Me mando a mamarla, claro. A Parla. La cicatriz del coco se le ha sumado a las otras – Vietnam, Eritrea, etcétera-, y sigue cámara al hombro, carrera va y carrera viene, entre palestinos, israelíes, Líbano e Irak, sabiendo perfectamente que el día en que se detenga, que se pare y se mire al espejo y reflexione sobre esas cicatrices, y las arrugas nuevas que se van sumando a las viejas, y el cansancio resignado y escéptico que desborda sus ojos azules, todo lo que lo mantiene vivo y en pie habrá terminado: y entonces no tendrá más remedio que resignarse a envejecer como todo el mundo, recordando en silencio.

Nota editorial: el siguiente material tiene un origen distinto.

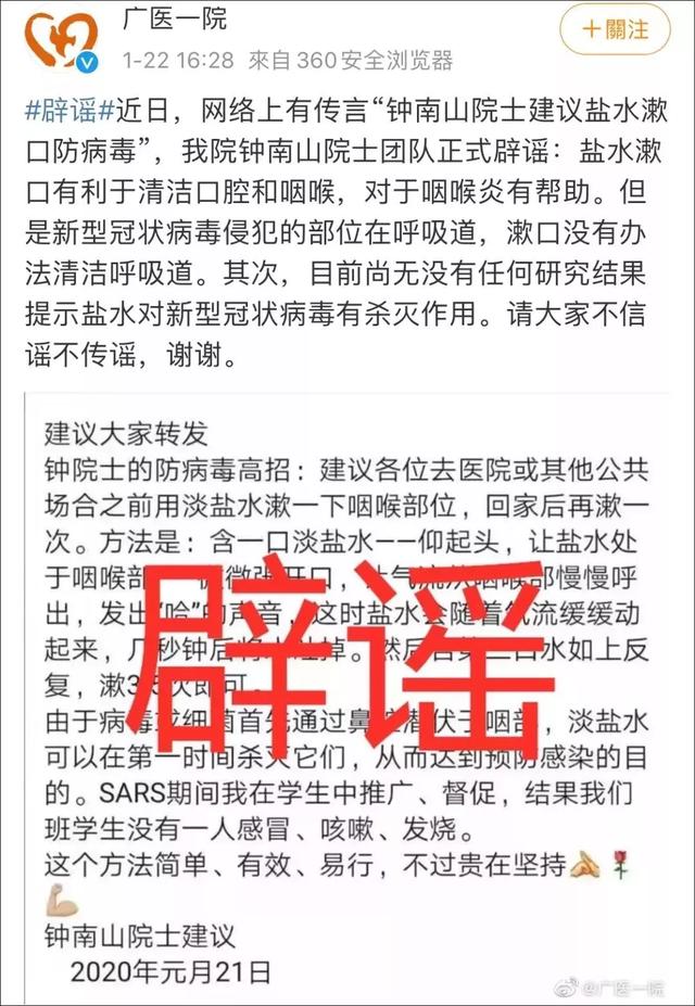 网传“钟南山院士建议盐水漱口防病毒”。广州医科大学附属第一医院钟南山院士团队辟谣:盐水漱口有利于清洁口腔和咽喉,对于咽喉炎有帮助。但是新型冠状病毒侵犯的部位在呼吸道,漱口没有办法清洁呼吸道。其次,目前尚无任何研究结果提示盐水对新型冠状病毒有杀灭作用。

Porque Márquez es de ese tipo de hombres y mujeres capaces de recordar en silencio, junto a un amigo o con la única compañía de una botella de algo adecuado a la circunstancia. Su biografía bastaría para llenar varias vidas: en la profesión se le considera uno de los tres o cuatro mejores cámaras de guerra del mundo, y yo he visto a los compañeros, fulanos de las más importantes televisiones internacionales, tratarlo con envidia y respeto. Fue el único cámara presente en la matanza de Tiannamen, y escapó de allí escondido bajo un montón de cadáveres apilados en un camión. Filmó los misiles de crucero norteamericanos segundos antes de impactar sobre Bagdad, y son suyas – Petrinja, Vukovar, Sarajevo las mejores imágenes de la guerra de los Balcanes. La famosa secuencia en que las balas trazadoras serbias pasan entre las piernas de Márquez y le aciertan a un soldado croata que está en el suelo con un lanzagranadas dio la vuelta al mundo. Y la historia de su maldito puente yugoslavo es ya legendaria en el oficio, y mítica en las facultades de periodismo.
He dicho también alguna vez que si Márquez hubiera sido anglosajón, sólo por lo que hizo en China, el Golfo o Yugoslavia, ahora estaría ganando una fortuna como cámara de la CNN o la BBC. Pero tuvo la desgracia de ser español y trabajar en este país, teniendo como jefes a capataces mediocres y envidiosos, a directores sectarios como María Antonio Iglesias y Jordi García Candau (Diccionario de la RAE: “Sectario: secuaz, fanático e intransigente, de un partido o una idea”) y a productores miserables, capaces hasta de regatear una botella de Whisky para su cumpleaños. Tan mezquinos todos que, cuando dediqué a Márquez Territorio Comanche, ante la imposibilidad de meterme mano a mí pasaron una temporada vengándose en él, encomendándole las tareas más humillantes y rutinarias –llegaron a tenerlo de guardia permanente ante los juzgados de Madrid-, a él, que había hecho a TVE ganar tantas veces una fortuna, jugándose durante años los huevos y la vida por cuarenta mil cochinos duros al mes.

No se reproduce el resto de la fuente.